Reading and writing files and file properties

Now that we know how to use Phile to work with directories, let's take a look at working with files.

Reading file properties

Whenever the user of the sample application clicks the label of an item in either the treeview (left top) or the trash file list (left bottom), the current selection changes, and the properties pane (right top) will refresh and show the properties of the currently selected file. This provides a view of the corresponding file object as it is known in the repository.

The selection of an item is handled by the labelClick() function of the sample application. This method handles quite a bit of logic that is specific to the sample application, and we won't discuss it in full. Instead, we focus on the bit that retrieves the properties of the selected file, which is done with a call to the getProperties() method of the Phile object:
    phile.getProperties({
      path: getFileNodePath(node),
      success: function(options, xhr, data){
        var propertiesText = document.getElementById("properties-text");
        propertiesText.innerHTML = "";
        displayProperties(data, propertiesText);
      },
      failure: failure
    });
As we have seen in many other Phile calls, the path property of the object passed to the method provides the actual input. In this particular sample code, the value for path is extracted from the DOM element that represents the selected item in gui (this is held by the node variable), and the getFileNodePath() function simply extracts the path. (The details of that are not really relevant to using Phile and analysis of that code is left as an exercise to the reader.)
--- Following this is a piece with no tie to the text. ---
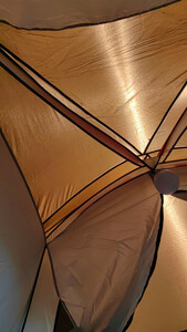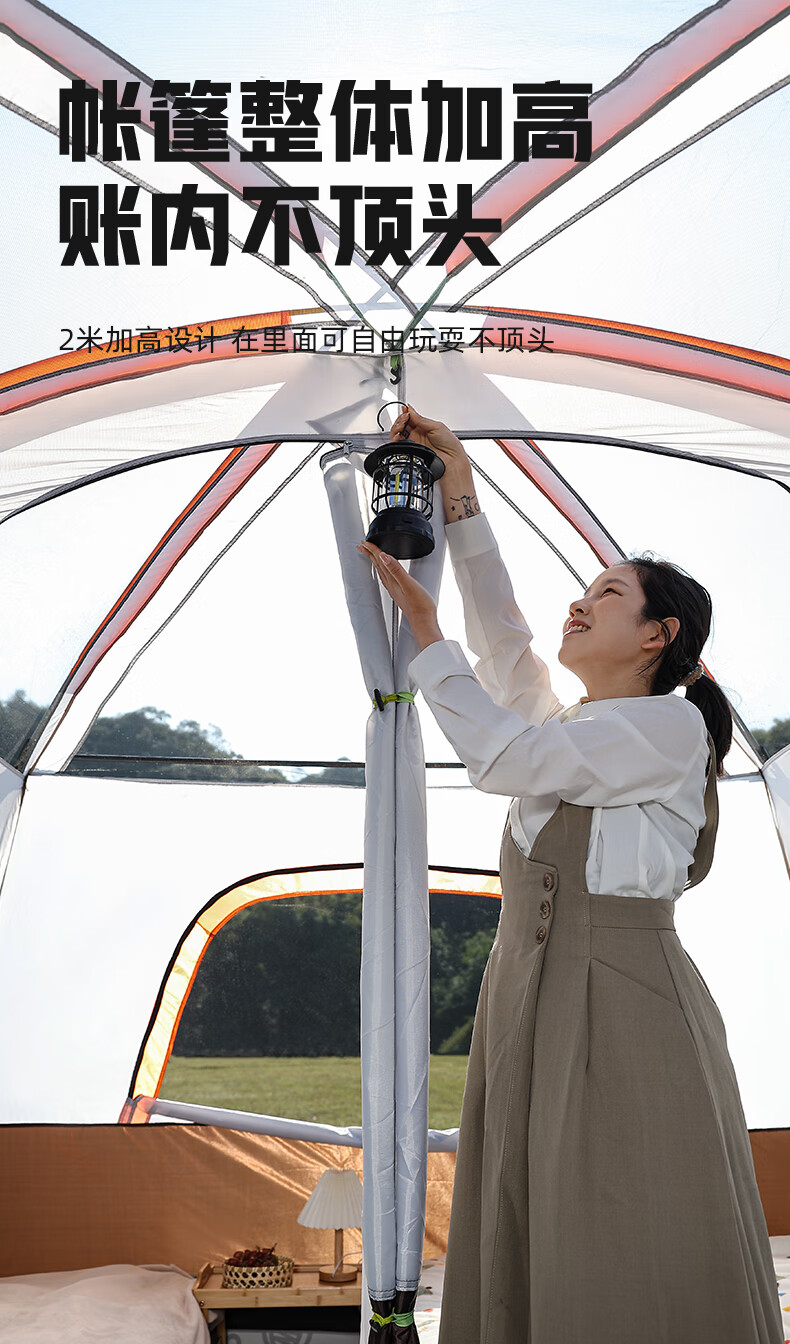 店家发的安装视频,很快就搭好了。帐篷空间很大,高度有2米,睡4个成年人很宽松。内外账都有,晴天用内账,采光通风好,雨天用外账,不怕风雨。还没有去露营,后期看效果。

The data argument passed to the success() callback passed to the getProperties() method returns the properties of the file identified by the path property as a file object. The sample application simply clears the properties pane and then fills it with a JSON string representation of the object (by calling the displayProperties() function).

The actual make up of the returned file object will depend on whether the path identifies a regular file, a folder, or an discarded item in the trash folder. But the getProperties() method can be used in any of these cases to retrieve the properties of these items from the repository.

Reading file contents

In the sample application, changing the selection also affects the contents pane (right bottom). Changing the selection always clears whatever is in there, but if the newly selected item is a file (and not a directory or an item in the trash folder), its contents will also be displayed there.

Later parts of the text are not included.